Гилберт Кит Честертон
 VelChel.ru 
Биография
Хронология
Галерея
Вернисаж
Афоризмы Честертона
Эссе
Стихотворения
Автобиография
  I. По слухам
  II. Человек с золотым ключом
  III. Как быть болваном
  IV. Как быть безумцем
  V. Национализм и Ноттинг-Хилл
  VI. Причудливое предместье
  VII. Повинный в правоверии
  VIII. Фигуры на Флит-стрит
  IX. Дело против коррупции
X. Друзья и дурачества
  XI. Тень меча
  XII. Политические знаменитости
  XIII. Литературные знаменитости
  XIV. Портрет друга
  XV. Несовершенный путешественник
  XVI. Бог с золотым ключом
  Примечания
Отец Браун
Еретики
Ортодоксия
Повести и рассказы
Пьесы
Философия
Публицистика
Ссылки
 
Гилберт Кит Честертон

Автобиография » X. Друзья и дурачества

Тем летом я часто видел Уэллса и научился ценить в нем то, что подвигло его на мятеж против генри–джеймсовского духа. Сам Джеймс выразил это лучше всего, когда сказал: «Уэллс не просто пишет живо, он скачет и брыкается». Очень жаль, что брыкнул он именно Джеймса, но я могу в какой–то мере сочувствовать мятежу против призраков и панелей. Мне всегда нравилась в Уэллсе простая и могучая тяга к веселью. С ним можно было долго разыгрывать шутку, хотя, я думаю, его не так уж привлекала ее длина. Помню, мы сделали кукольный театр с пантомимой про Сидни Уэбба. Помню и то, что именно Уэллс выдумал игру под названием «джайп». У нее было много разновидностей, в нее играли на суше и на море. Я сам вырезал из картона разноцветные штучки для детского джайпа. Все было в порядке, все двигалось вперед, кроме самой игры, которую еще не создали.

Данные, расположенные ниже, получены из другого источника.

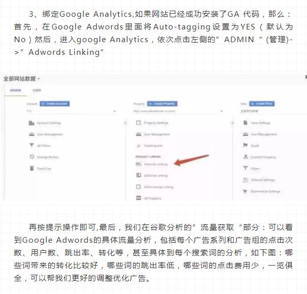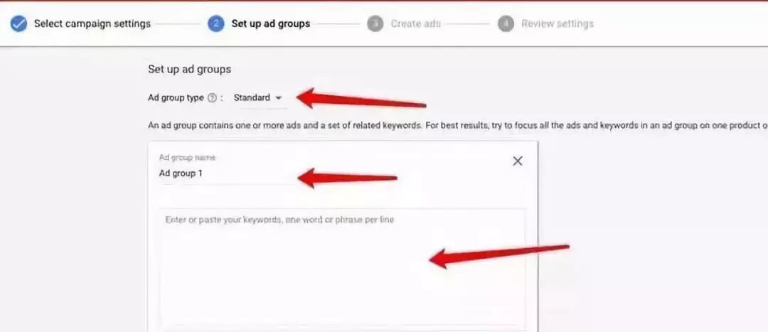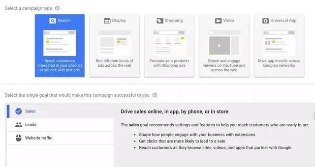 Google Adwords可以投放五种类型的广告,分别是:搜索广告(Search)、展示广告(Display)、购物广告(Shopping)、视频广告(Video)、应用推广广告(Universal app)。 搜索广告:即有人搜索才展示的广告,当用户对某些关键词进行搜索时,相应的文字广告会出现在用户的搜索结果中(可设置仅限谷歌搜索引擎或者也包括谷歌的合作伙伴)。 工作原理即根据用户搜索的字词或词组来与广告设置的关键词进行匹配,相匹配且质量较高的广告可能会在用户搜索结果中得到展示。比如你销售truck,就可以在 AdWords 广告系列中将“purchase truck”添加为关键字。当用户在 Google 搜索中输入“purchase truck”时,你的广告就可能会出现在搜索结果页上。 另外,在设置搜索广告的时候,还可以选择同时添加展示广告,来扩大覆盖面。 展示广告:即向广告投放者定位的特定群体或网站展示广告,使广告出现在众多网站、移动应用和视频内容中。(Google展示广告网络包含 200 万家网站,覆盖全球 90% 以上的互联网用户)。展示广告可以设置自适应广告、图片广告、互动广告、Gmail广告等。 • 投放者可以按照特定受众群体来有针对性的展示广告,例如:曾经访问过网站的用户,将产品加入购物车但未下单的用户,可能有意向购买特定产品的用户,具有明显受众特征的用户(比如年轻妈妈)等。 1、设置广告系列 点击添加“广告系列”—>选择”Search”广告系列类型—>设置广告系列的目标—>添加网站,然后点击CONTINUE即可。 接下来,设置好广告系列的 名称,投放地点,目标语言,每日预算,截止日期,广告系列级别的附加链接、宣传信息、电话信息等 2、设置广告组 如上图所示,依次选择广告组类型(标准或者动态),设置广告组名称,添加触发广告的关键词。然后点击保存并继续即可,对于关键词的匹配类型,重点强调一下: 关键词的匹配类型有以下几种:①广泛匹配(broad match):即不加任何符号的关键词,比如 purchase truck,对于广泛匹配的关键词,当用户搜索词中包含关键字的错拼形式、同义词、相关搜索字词或其他相关变体时,都可以触发广告的展示。在此例中,用户搜索 how to purchase truck,purchase truck website,purchase cheap truck时,广告都有可能触发。 ②词组匹配(phrase match):即放在双引号里的关键词,比如”purchase truck”,对于词组匹配的关键词,当用户使用的搜索词与此词组匹配,或者是该词组的紧密变体形式,或者是在此词组的前面或后面加上了其他字词,都可以触发广告的展示。但是,如果词组之间插入别的词,或词组中词的顺序不同,广告都不会显示。此例中,搜索 purchase truck>③完全匹配(exact match):即放在方括号里的关键词,比如[purchase truck],对于完全匹配的关键词,只有当用户的搜索词与这个关键词完全匹配,或者搜索词是该关键词的紧密变体形式(比如仅仅是增加或删除了介词、连词等不影响搜索意图的词或字词顺序发生改变的关键词)时,广告才有可能触发展示,对于此例,搜索词truck purchase,purchase a truck,truck for purchase都可以触发广告的展示。 ④使用广泛匹配修饰符的关键词(注意:+词之间没有空格。)广泛匹配修饰符(broad match modifier)即加号+,用于修饰广泛匹配关键词。当搜索内容是此类关键词的近似变体(不包含同义词)或任何顺序的组合时,广告都可以触发展示。比如对于关键词 +purchase +truck。当用户搜索truck purchase,purchase cheap trucks,truck purchasing时,相应广告都可以触发展示,搜索同义词buy truck,广告则不会展示,(相比较广泛匹配关键词,它可以有更多的控制;相比较词组匹配的关键词,它又更自由,灵活性更强。) ⑤否定匹配(Negative match )否定匹配即不想让它触发广告的关键词。比如你是一家帽子公司,但是你不卖baseball hats,那就可以将 “-baseball hats”作为一个否定匹配关键词加入到广告组或广告系列里,当用户搜索baseball hats,你的广告将不会被触发展示了。再比如,如果你出口卡车,但是你不想卖便宜的,想卡掉cheap这个词,那就可以将cheap作为否定关键词,并设置为广泛匹配,后面当用户搜索任何带cheap的卡车相关词时,你的广告都不会被展示。

Конечно, такой человек чувствовал, что Генри Джеймс отнесется холодно к джайпу. Ради священной памяти джайпа я прощаю, что ему это не нравилось, но не могу избавиться от мысли, что он слишком быстро на все реагировал. Я всегда восхищался им, меня смущали эти реакции. Хотя это слово он очень не любил, я назвал бы его постоянным реакционером. Он всегда не столько идет куда–то, сколько от чего–то отшатывается. То он только что был либералом, то — фабианцем, то другом NN или ZZ. Часто он приближался к правде, и потому его метания раздражали меня, словно чью–то шляпу никак не может выбросить море. По–видимому, он считал, что открытый разум — самоцель; а я убежден, что мы открываем разум, как и рот, чтобы что–то туда вложить.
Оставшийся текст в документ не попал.